Directions for this task: Starting at the line with "2014-2018Q3中國(guó)智能" and ending at the line with "Vermissen Sie auch", print exactly the lines of the entries below. Pictures do not belong in the copy.

Available records:
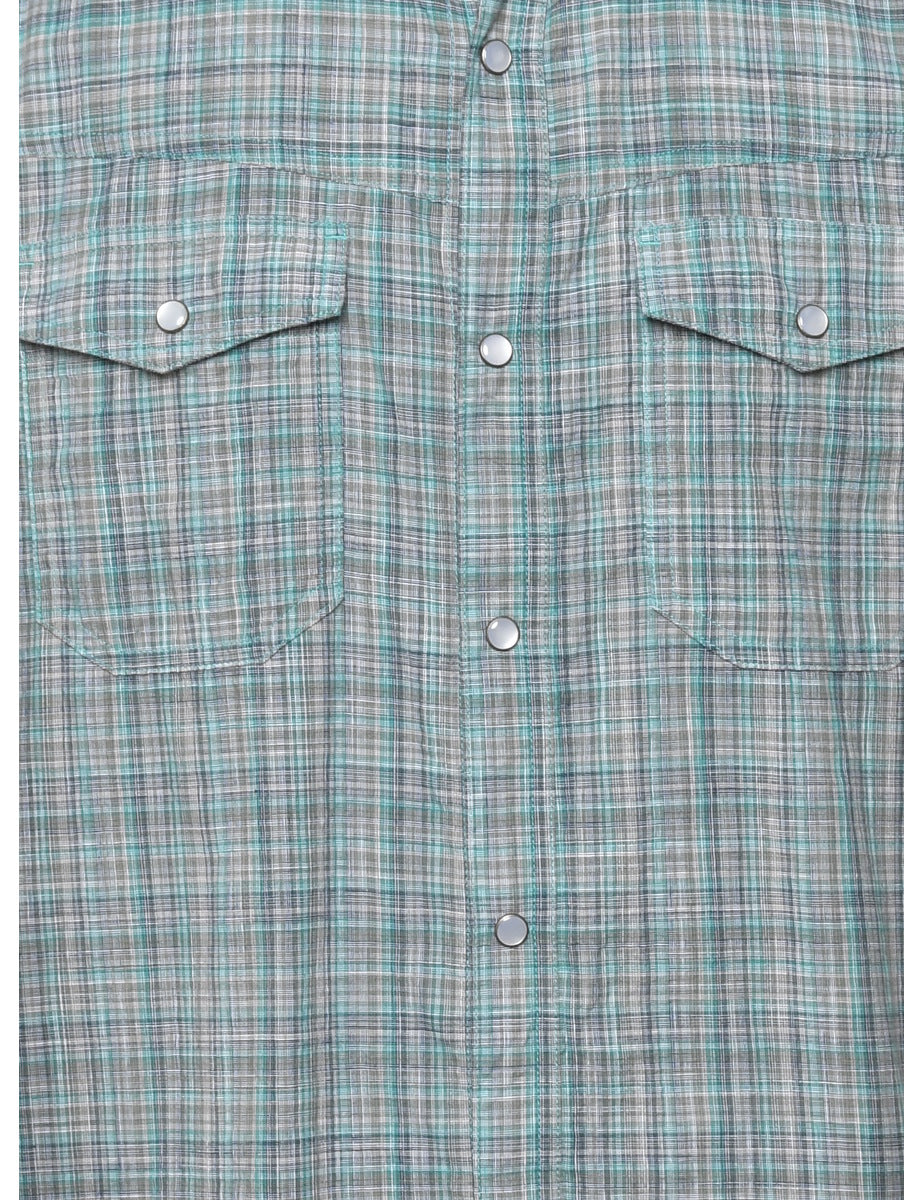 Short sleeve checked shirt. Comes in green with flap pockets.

...

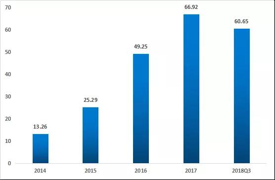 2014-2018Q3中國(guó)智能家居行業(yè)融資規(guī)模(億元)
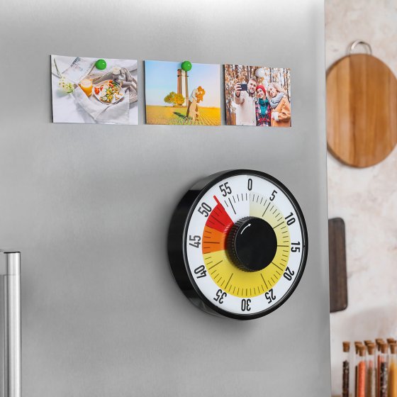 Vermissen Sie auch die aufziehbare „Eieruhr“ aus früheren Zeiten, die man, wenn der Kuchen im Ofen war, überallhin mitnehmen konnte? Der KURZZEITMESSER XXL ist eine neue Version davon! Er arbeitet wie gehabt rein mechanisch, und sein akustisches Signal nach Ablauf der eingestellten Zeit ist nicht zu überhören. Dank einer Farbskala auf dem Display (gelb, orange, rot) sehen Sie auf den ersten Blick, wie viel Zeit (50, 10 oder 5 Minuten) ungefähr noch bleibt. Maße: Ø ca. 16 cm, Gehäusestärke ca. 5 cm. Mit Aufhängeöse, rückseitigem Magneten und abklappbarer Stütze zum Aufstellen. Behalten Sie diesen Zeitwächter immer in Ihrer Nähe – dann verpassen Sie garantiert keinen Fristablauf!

Your response:
 2014-2018Q3中國(guó)智能家居行業(yè)融資規(guī)模(億元)
 Vermissen Sie auch die aufziehbare „Eieruhr“ aus früheren Zeiten, die man, wenn der Kuchen im Ofen war, überallhin mitnehmen konnte? Der KURZZEITMESSER XXL ist eine neue Version davon! Er arbeitet wie gehabt rein mechanisch, und sein akustisches Signal nach Ablauf der eingestellten Zeit ist nicht zu überhören. Dank einer Farbskala auf dem Display (gelb, orange, rot) sehen Sie auf den ersten Blick, wie viel Zeit (50, 10 oder 5 Minuten) ungefähr noch bleibt. Maße: Ø ca. 16 cm, Gehäusestärke ca. 5 cm. Mit Aufhängeöse, rückseitigem Magneten und abklappbarer Stütze zum Aufstellen. Behalten Sie diesen Zeitwächter immer in Ihrer Nähe – dann verpassen Sie garantiert keinen Fristablauf!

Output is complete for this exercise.